Back in 1963, when Michael O’Kane ’67 was considering colleges, he was drawn to Lafayette for its beautiful grounds, its academics, and its location—close enough to hitchhike back to his Princeton, N.J., home (“we did that in those days”), but “too far for my parents to drop by all the time.”
He began on a pre-law track, but that fell through when he couldn’t keep up with the reading. Then he flirted with history (also book heavy) and English (“I hated poetry”) before settling on economics. It was such a good fit that after graduating, he immediately enrolled in Rutgers University’s MBA program, where he continued to learn about stock analysis and trading.
O’Kane’s expected career changed course, however, when he landed his first job at Prudential Insurance. Instead of diving into the stock market, he learned about private-placement bonds, which typically offer higher yields but at greater risk because they’re bought only by a select group of in-the-know investors. Since they’re not public, they don’t have to be registered with the Securities and Exchange Commission, and the offering companies may provide less-than-comprehensive information.
To survive in this market, investors have to know their stuff—not just how to find it (through everything from interviews with company management to tracking newspaper stories), but how to analyze the mountains of data so you’re not jumping off a cliff with a bad project.
After building his financial acumen for seven years at Prudential—and, he admits, his ego—O’Kane moved to Pittsburgh for what he thought was a golden opportunity.
“It was one of the biggest mistakes of my career,” he says. “I decided I could be a chief financial officer for a manufacturing company, and I knew very quickly it wasn’t working. I had been a creditor all my life, and now I was on the other side of the table.”
He left after two years. So without any better opportunities, O’Kane decided to put his back into his next move—literally.

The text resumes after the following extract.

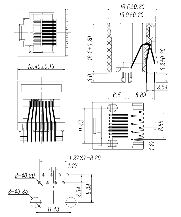 Vertical 180Degree DIP Type RJ45 8P8C Female Connector Product Item:RJ01-X52X-057 Housing: PBT UL94V-0 Gender:Female Current Rating:1.5A Color:Black Vertical 180Degree DIP Type 1X1 Port RJ45 8P8C Female Connector Inquiry Send Email Datasheet
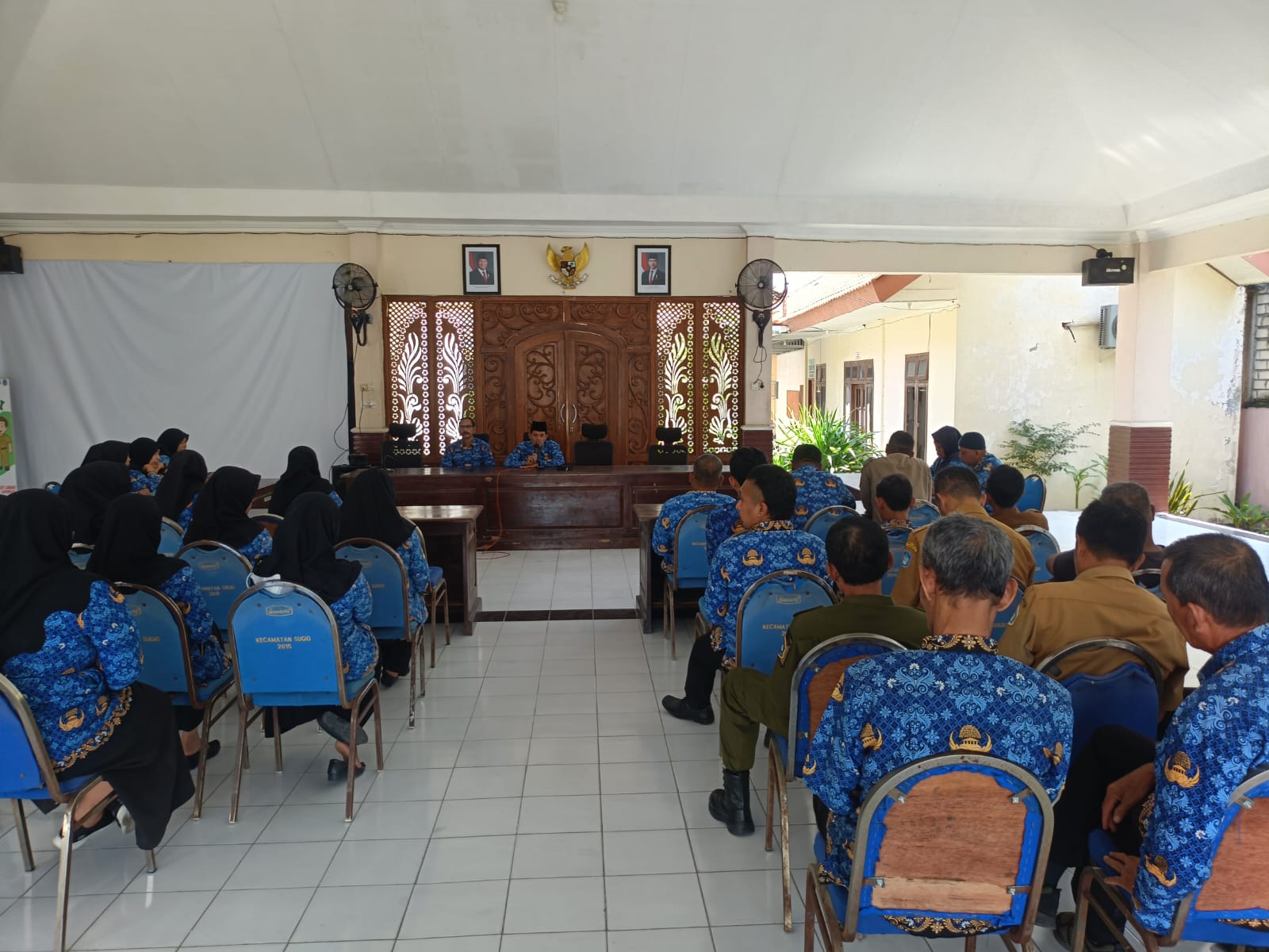Camat Sugio bapak Bambang Purnomo, AP. M.M. pimpin rapat staf.

“I knew a guy who was looking to invest in a business,” he explains. “He was the husband of a real estate broker. He read an article in the Wall Street Journal about a Boston company called The Back Store that was doing very well. We discovered that 80% of population have bad backs at one time or another, and there aren’t really a lot of stores that sell furniture, car seats, neck pillows, exercise equipment, and other things like that for people with back trouble.”
Thus, My Aching Back was born.
“We even sold hypnosis tapes,” he says. “The problem was, people with bad backs didn’t want to buy things unless their doctor told them to do it, and also unless Medicaid paid for it. We knew we wouldn’t be able to franchise, so I left.”
His next move was back to New York to work for TIAA-CREF (Teachers Insurance and Annuity Association College Retirement Equities Fund), where he remained for 18 years, eventually retiring in 2004 at just under 59 years old. In his last position there, senior managing director of the Securities Division, he oversaw a portfolio with $120 billion in assets and managed 120 people. He loved the work and found that investors and employees were loyal.
“I used to think it was because of my personality,” he says, “but it was the money.”
A member of Lafayette’s Fleck Consistent Giving Society and the Marquis Society, O’Kane decided to establish a charitable gift annuity because it met a number of objectives. Established under his wife Rita’s name, it offers a reasonable rate of return, provides a stream of income for her (“She’ll live a lot longer than me because she has better DNA,” he says), and allowed an immediate tax deduction. In addition, since he donated appreciated stock, he reduced his capital gains tax.
Significantly, the CGA will also augment the recently established Michael ’67 and Rita O’Kane Annual Scholarship Fund, an unrestricted fund awarded annually to a deserving student chosen by the College. It’s support that certainly helps new Pards relax their backs.